Single by AKB48

from the album Bokutachi wa, Ano Hi no Yoake wo Shitteiru
- A-side: "Shoot Sign"
- Released: March 15, 2017
- Genre: J-pop
- Length: 4:33
- Label: You, Be Cool! / King; Genie Music; Stone Music Entertainment;
- Songwriter(s): Yasushi Akimoto (lyrics); Keiichi Kondo (music);
- Producer(s): Yasushi Akimoto

AKB48 singles chronology
| "High Tension" (2016) | "Shoot Sign" (2017) | "Negaigoto no Mochigusare" (2017) |

Music video
- "Shoot Sign" (Short Ver.) on YouTube

= Shoot Sign =

Shoot Sign (シュートサイン, Shūto Sain) is the 47th single by Japanese idol girl group AKB48. It was released in Japan on 15 March 2017. The title song is used as the theme song of their drama Tofu Pro-Wrestling premiered on January 21, 2017.

== History ==
The release of the single was announced at an AKB48's handshake meeting held at Pacifico Yokohama on 4 February 2017. The list of the 32 members who will participate on the title track was also announced at the same meeting.
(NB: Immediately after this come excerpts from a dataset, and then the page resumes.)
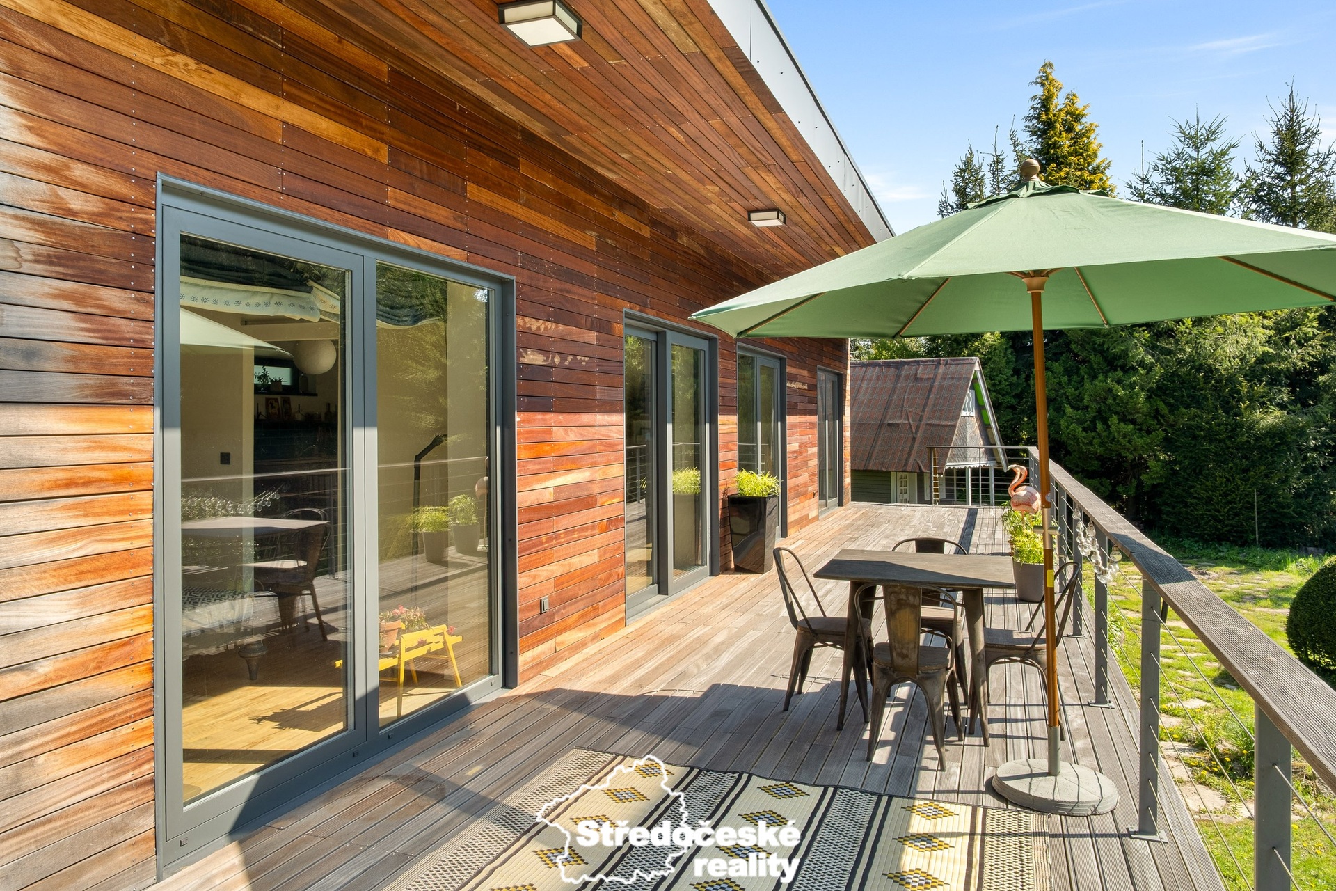 - vstup přes prostornou terasu s posezením a výhledem do zahrady
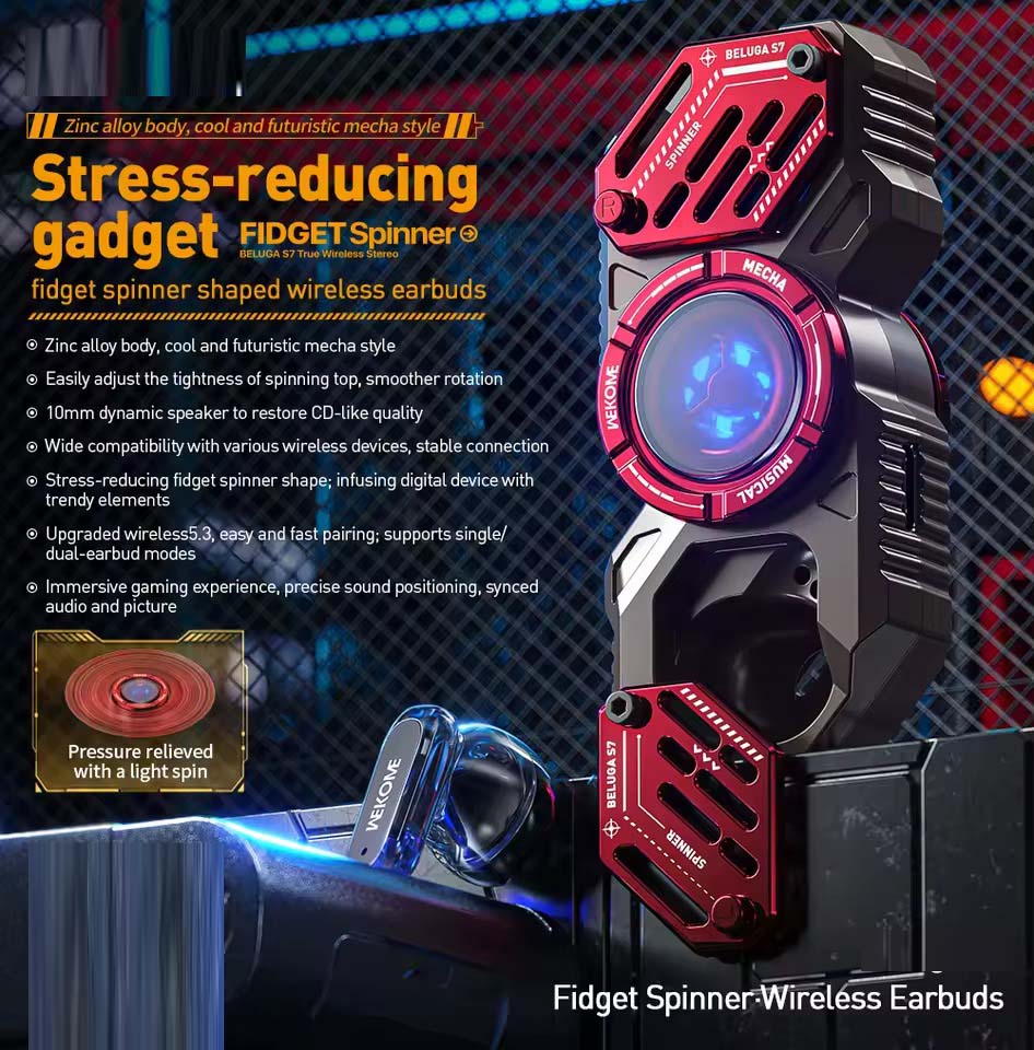 2-in-1 Functionality: Combines earphones with a built-in fidget spinner for stress relief and entertainment.
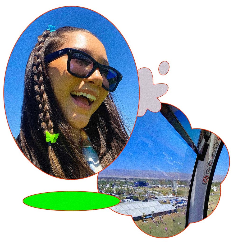 3:40 p.m. — We stroll over to the next performance to watch an artist making history as one of the first Indian women performing at Coachella, mixing English and Hindi in her songs. I make sure to record bits of the performance on the glasses to save this revolutionary moment in my archive of concert videos.
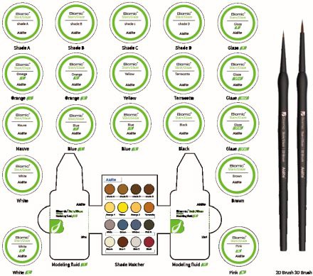 Farbičky 2D a 3D je možné miešať. Balenie obsahuje: 2D farby (Shade A, Shade B, Shade C, Shade D, Blue 1, Blue 2, White, White-C, Brown, Terracotta, Orange 1, Orange 2, Mauve, Yellow, Pink -R), 3D farby (3DN, 3DV), Coloring liquid 1, Coloring liquid 2, Glaze-F, 2D štetec, 3D štetec a 16-farebnú paletku.

Haruna Kojima was announced as the center performer for the title track, her first time in two years, and third time overall and also her final appearance on an AKB48 Single. This is the first single to release after Shimazaki Haruka graduated from the group.

It sold 933,969 copies on its first day, less than their previous single, "High Tension".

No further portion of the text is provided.